In the context of LLM, "encoder-decoder" and "decoder-only" architectures are mainly used for NLP tasks.
One major difference between LLM and traditional non-LLM methods is that they are available in large models but not in small models emergent ability. The term “emergency capabilities” refers to new complex capabilities that arise as LLMs expand in size and complexity. These capabilities enable people to deeply understand and generate natural language, solve problems in various fields without specific training, and adapt to new tasks through contextual learning. In the following, we will introduce several common emergent capabilities within the scope of LLM.
Contextual Learning refers to the ability of LLM to understand and respond to new tasks or queries based on the context provided in the prompts, without the need for explicit retraining or fine-tuning. The landmark papers (GPT-2/GPT-3) demonstrate contextual learning in a multi-shot approach, where the model is given several task examples in a prompt and then asked to process different examples without prior explicit training.
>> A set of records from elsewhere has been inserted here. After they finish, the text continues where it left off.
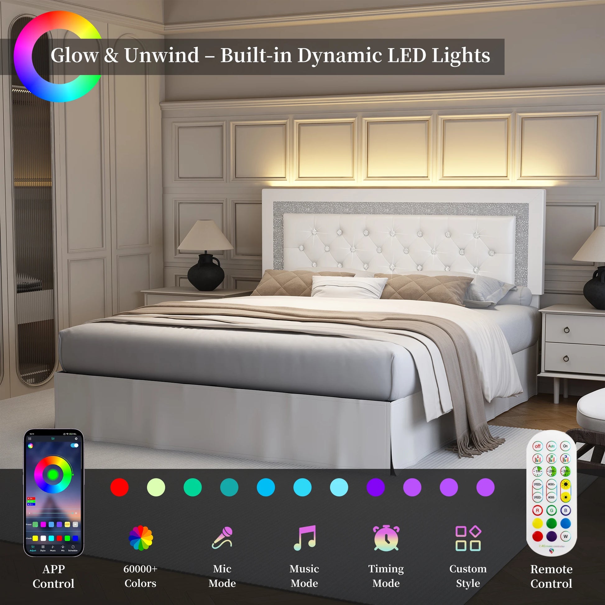 - RGB LED Lights integrated into the headboard with remote and app control for endless color options and lighting modes that set the mood for relaxation or entertainment.
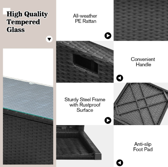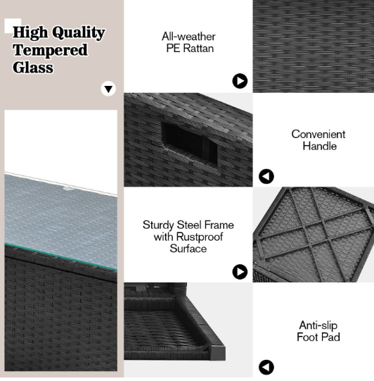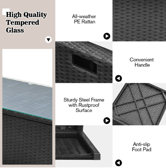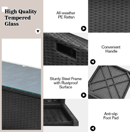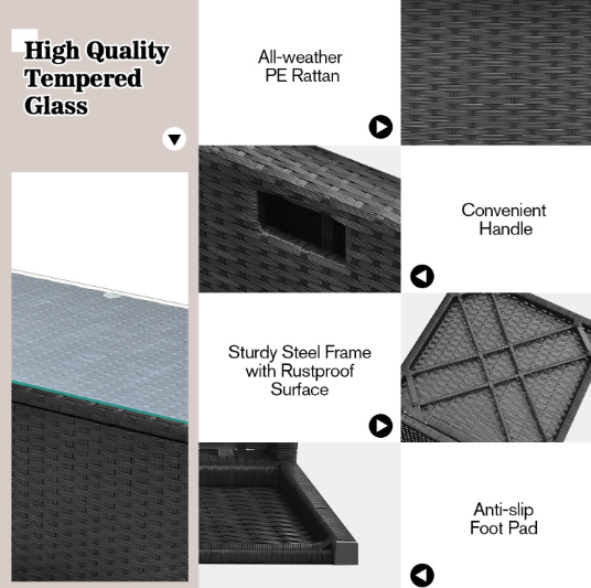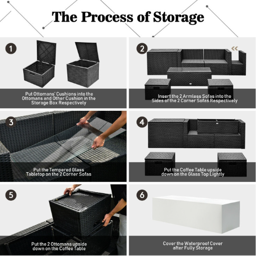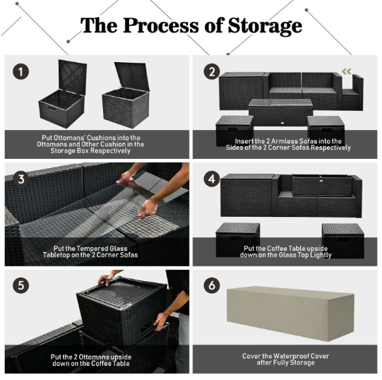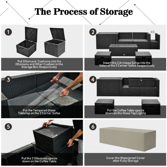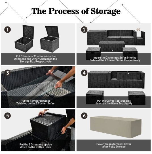 ● Waterproof Cover: After storage, there is a waterproof cover that allows you to cover it on the patio sectional set. Therefore, this furniture set can be left outside without worry. In addition, the weather resistant PE rattan and rustproof steel frame ensure its durability and firmness when used outdoors. And the anti-slip foot pads add extra stability while protecting the floor from scratching.
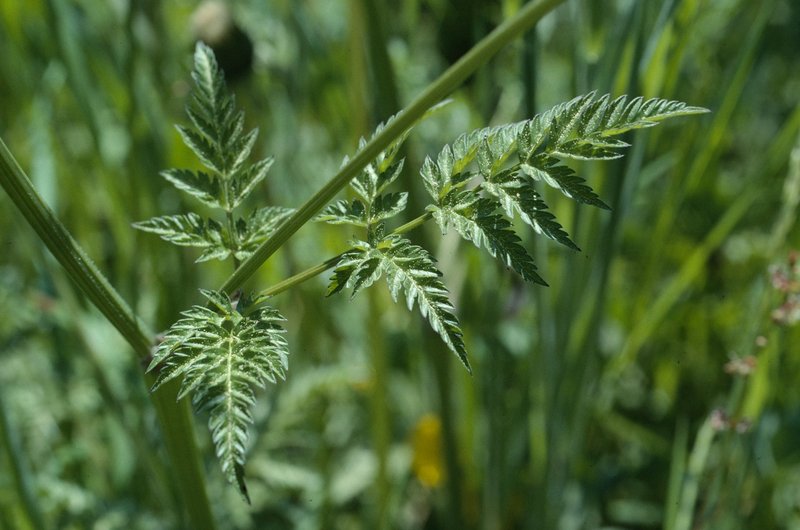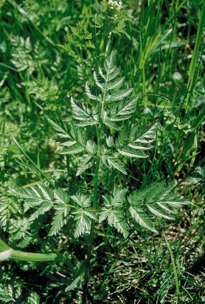 - Foglie inferiori per lo più tripennate e con margine dentato. Normalmente, le foglioline di secondo ordine sono da quattro a più coppie, a loro volta formate da foglioline di terzo ordine profondamente incise (≠ dal cerfoglio irsuto). Le prime due coppie di foglioline di secondo ordine sono picciolate (≠ dal cerfoglio irsuto).
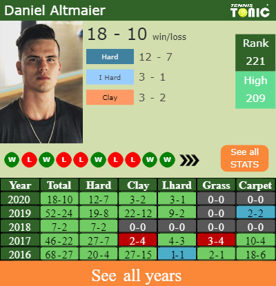 The German has a 18-10 win-loss record in 2020, 3-2 on clay (See FULL STATS).
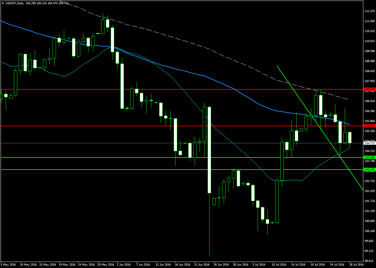 Se domani le aspettative del mercato dovessero essere realizzate, tuttavia, è possibile guardare ad una ripresa del rialzo per i cambi EUR/JPY e USD/JPY, con l’abbattimento di importanti livelli, come osservabile dal seguente grafico giornaliero di dollaro-yen:
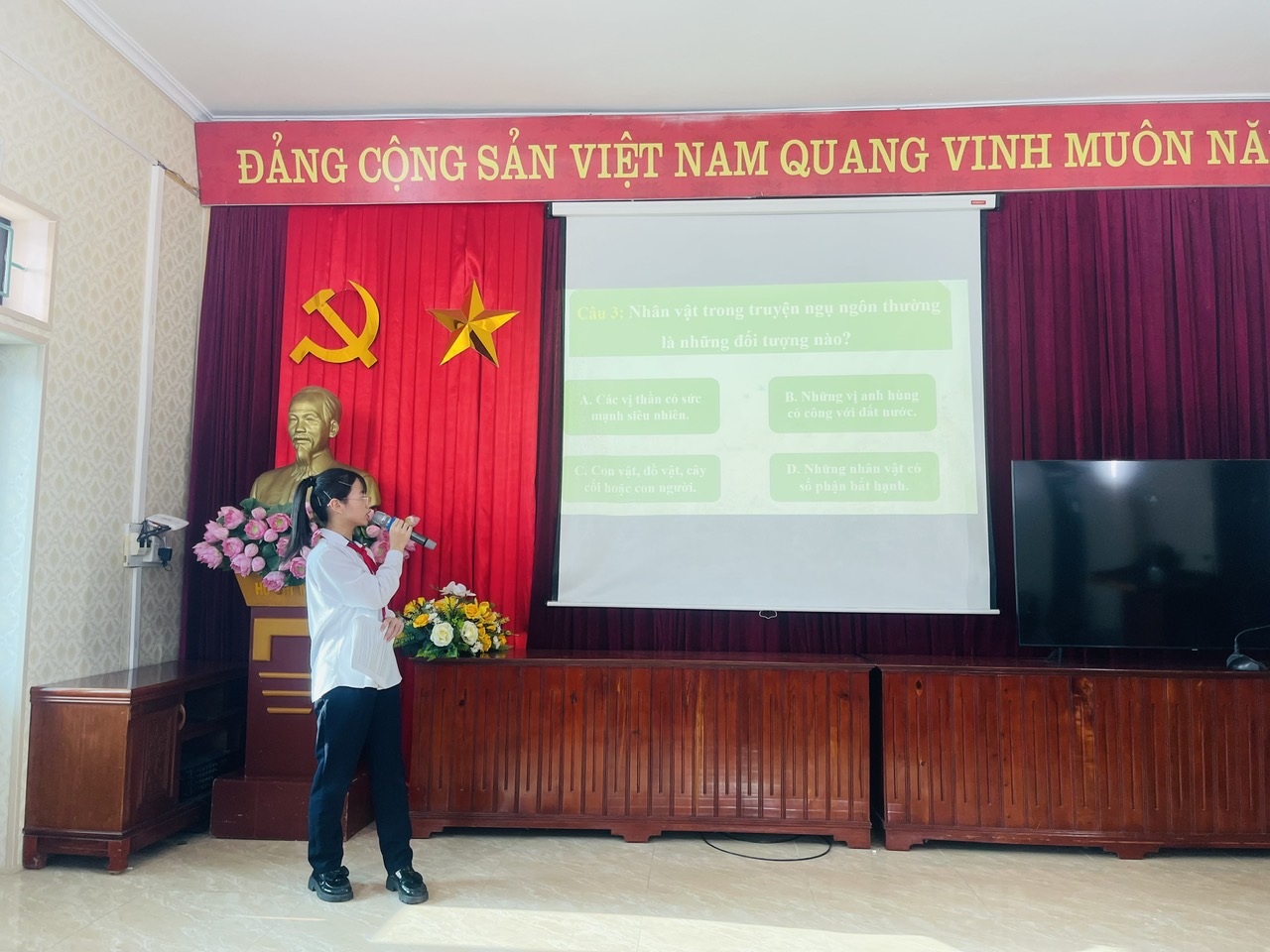 Các bạn học sinh tham dự đã được đến với thế giới của truyện ngụ ngôn qua hoạt động Khám phá tri thức . Mỗi câu hỏi là đều là những kiến thức vô cùng bổ ích có liên quan đến nội dung bài học mà các bạn đang được học. Không chỉ là những câu chuyện sinh động, đó còn là cánh cửa mở ra những bài học quý giá mà cha ông ta đã đúc kết từ hàng nghìn đời nay.
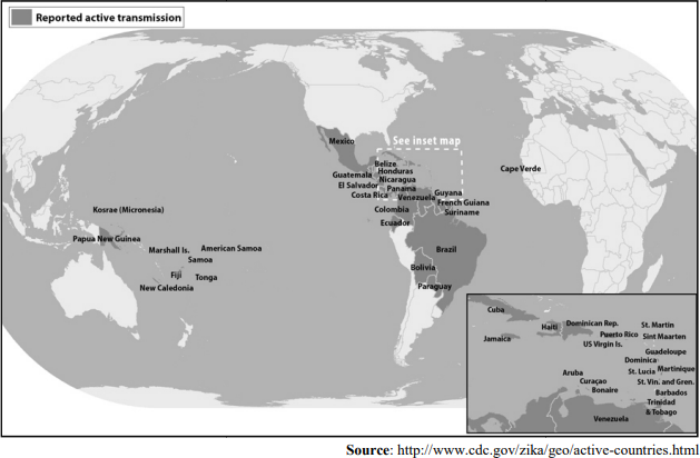 Considering the map and the text About Zika Virus Disease, it is correct to say that
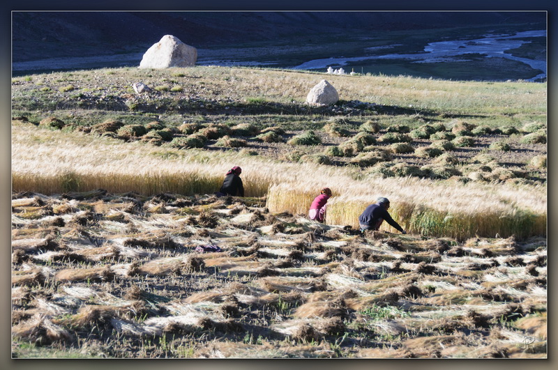 Le village de Sking est l'un des plus isolés du Zanskar (4200m). Il abrite une centaine d'habitants, dans une poignée de maisons entourées de champs d'orge. Tout le monde, ici, dépend entièrement du travail de la terre et des aléas du climat. Avant l'arrivée des grands froids, l'on récolte et l'on stocke ce qui va constituer la subsistance familiale pour toute une année. L'été est court, l'hiver interminable. Ce sont essentiellement les femmes qui prennent en charge les récoltes. Qu'elles soient jeunes ou vieilles, elles travaillent sans relâche, de l'aube au soir, dans l'urgence des jours qui raccourcissent.
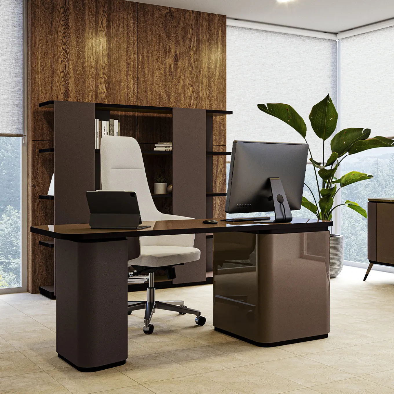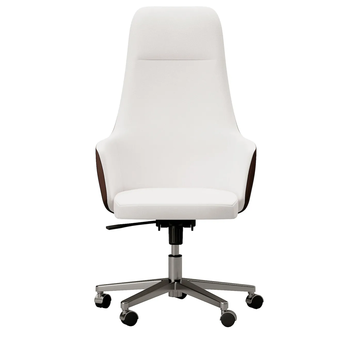 The Olivia swivel chair features an ergonomic silhouette with plush foam padding and a soft bicolor leather upholstery, combining brown on the exterior with light gray on the interior. Its polished metal base includes five wheels for smooth mobility, making it a practical and comfortable choice for office environments.
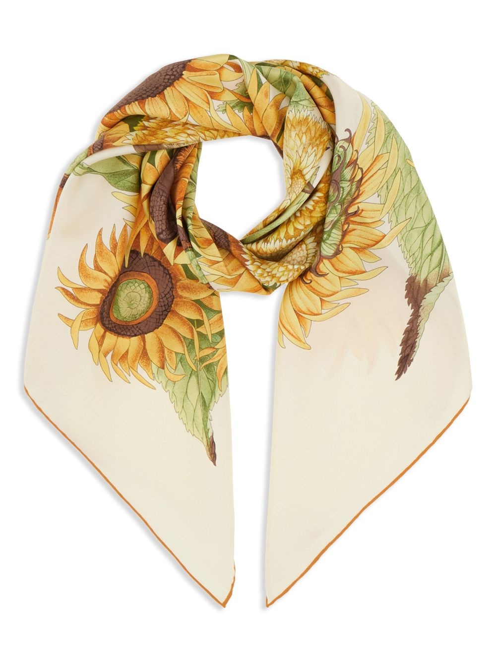 Sunflower scarf Highlights - Light beige - Floral print - Logo print to the front - Contrasting trim - Finished edge Made in Italy Composition Silk 100% SIZE & FIT Measurement LENGTH 35.43 in(90 cm) WIDTH 35.43 in(90 cm)
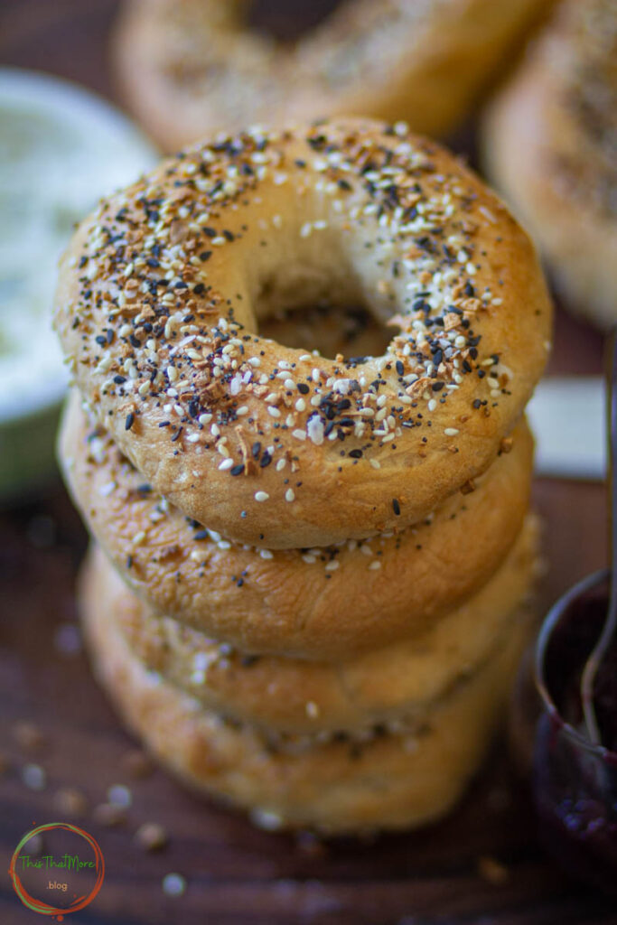- ADD SEASONING: You can add seasoning like everything bagels or fried onion or sesame seeds. Add the seasoning just after bagels come out of the water bath and are still wet. Seasoning will not stick if the water is dried out from the bagels.
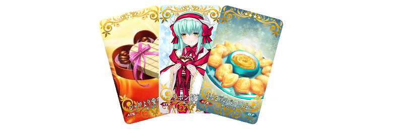 ※以前のイベントで入手したプレゼント(概念礼装)を所持している場合は、プレゼントをもらうイベントを発生させてもその場でプレゼント(概念礼装)を受け取ることはできません。その場合は、所持しているプレゼント(概念礼装)を売却または強化用素材に使用した後に、イベントアイテム交換の「チョコをもらう」「チョコをわたす」でプレゼント(概念礼装)を受け取れます。
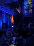 Небольшой зал, очень удобный предзаказ еды по меню с приложением. Быстрое и качественное обслуживание. Наконец-то нашла "своего" комика , к которому с огромным удовольствием буду приходить на концерты. Роман Косицын, харизматичный артист, болеет за Спартак, заботливый отец, поэтому очень близок по жизни для тех кому далеко за 40+. Было весело как на свадьбе, тамада хороший и конкурсы весёлые. Сыну тоже понравилось. Мадам с детской не реализованной мечтой стать "лётчиком истребителя" по гороскопу Водолей, пыталась перетянуть внимание на себя...но этот диалог с Романом развеселил всех ещё больше. Из минусов, очень маленький гардероб и начало концерта было с большим опозданием. Поэтому когда вышел на разогрев, непонятный персонаж, который полчаса пытался нас развлечь, появились вопросики к организаторам и полному отсутствию информации по заявленному артисту на афише.
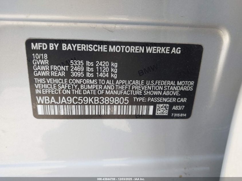 2019 BMW 5 SERIES 2019 року Гибрид, 2.0, Задний привод, vin - WBAJA9C59KB389805 из США
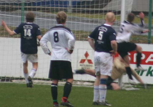 56. Minute: Wieder ein Freistoß durch Tobias Heigl. Jörg Roth im Tor der Gäste lässt den Ball abtropfen und Martin Lacena stochert den Ball über die Linie. Ein Pfiff ertönt und der Schiedsrichter gibt zur Verwunderung aller abseits.
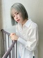 ぱっつんボブ/ミントカラー/ブリーチカラー
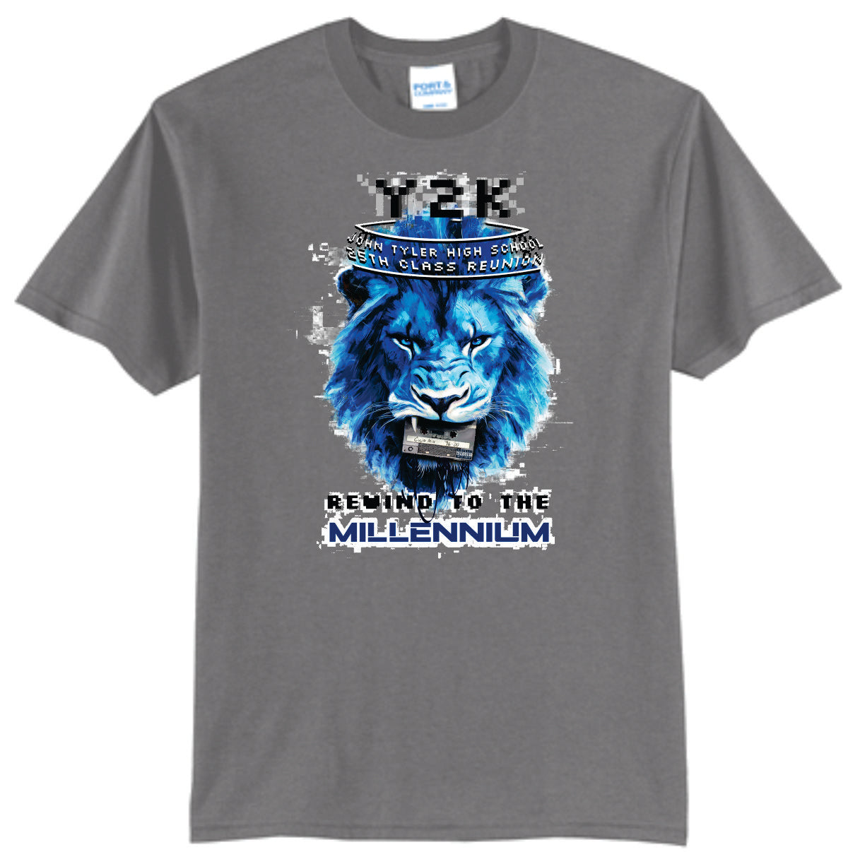 Celebrate your 25th Class Reunion with our Class of 2000 Reunion Shirt, featuring a stylish "Rewind to the Millennium" design. Made with a comfortable 50/50 cotton-poly blend this shirt comes in sizes small to 6x, this shirt proudly displays your alma mater, John Tyler High School. Relive the memories in style.
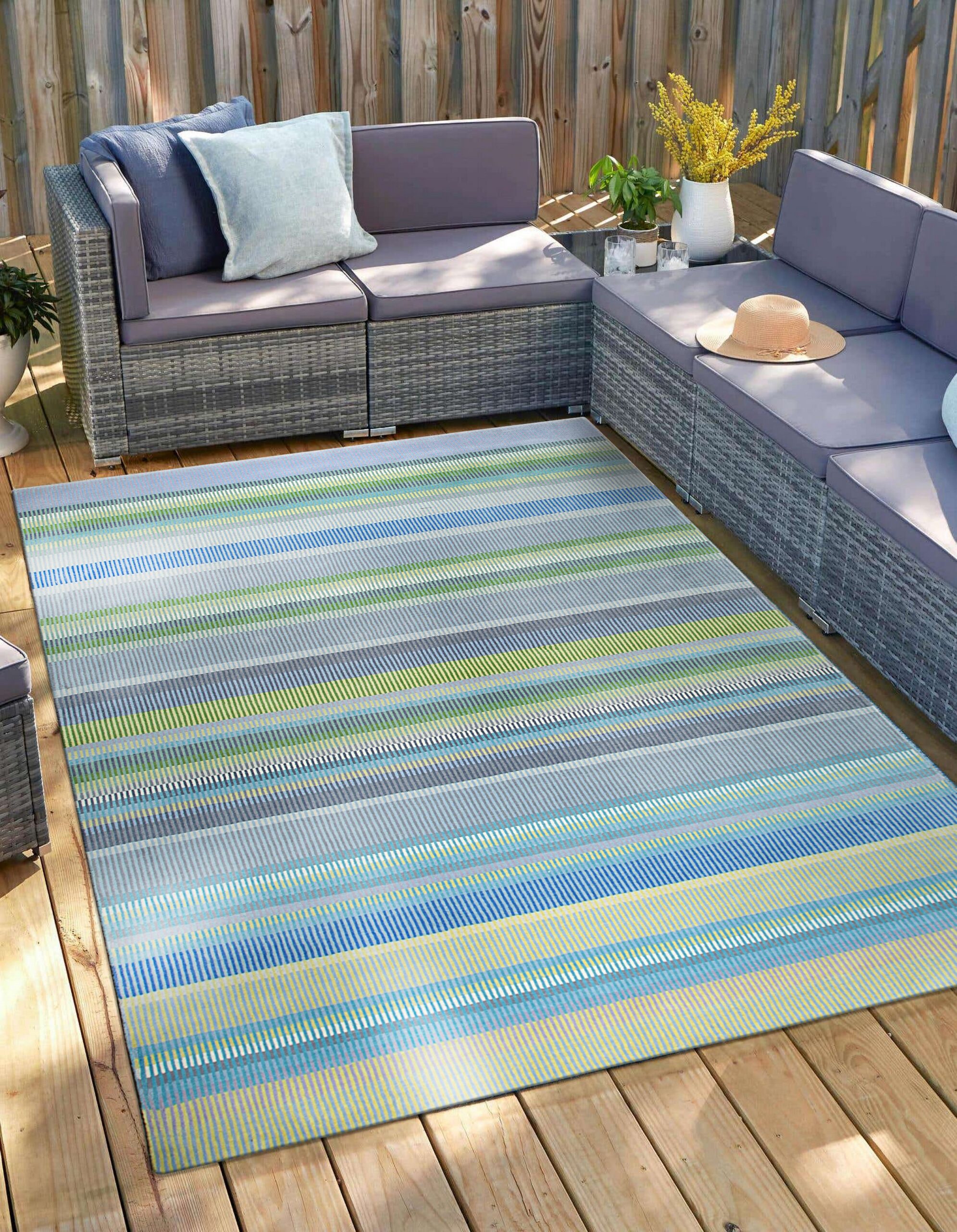 The design employs a complex interplay of horizontal bands, meticulously crafted from vertical dashes of color. While the title emphasizes the subtle green color rugs, the palette expands into soft sky blues, deep indigos, and neutral grays, creating a calming, atmospheric gradient that shifts subtly depending on the light and viewing angle.
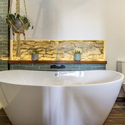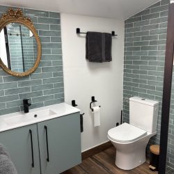 The bedroom, also accessed from the hallway, is beautifully furnished with a comfortable double bed. There’s plenty of storage in the wardrobes and drawers to keep your belongings neat and tidy.

State-of-the-art LLMs, such as GPT-4, exhibit extraordinary contextual learning capabilities, understanding complex instructions and performing a wide range of tasks from simple translation to code generation and creative writing, all based on the context provided in the prompts.
Reasoning in LLM, often referred to as the "thinking chain" prompt, involves models that generate intermediate steps or reasoning paths when dealing with complex problems or problems. This approach allows LLM to break down tasks into smaller, manageable parts, thereby promoting a more structured and understandable solution process. To achieve this, training involves datasets that include various problem-solving tasks, logic puzzles, and datasets designed to simulate reasoning under uncertainty. Current state-of-the-art LLMs typically exhibit advanced inference capabilities when model sizes are larger than 60B to 100B parameters.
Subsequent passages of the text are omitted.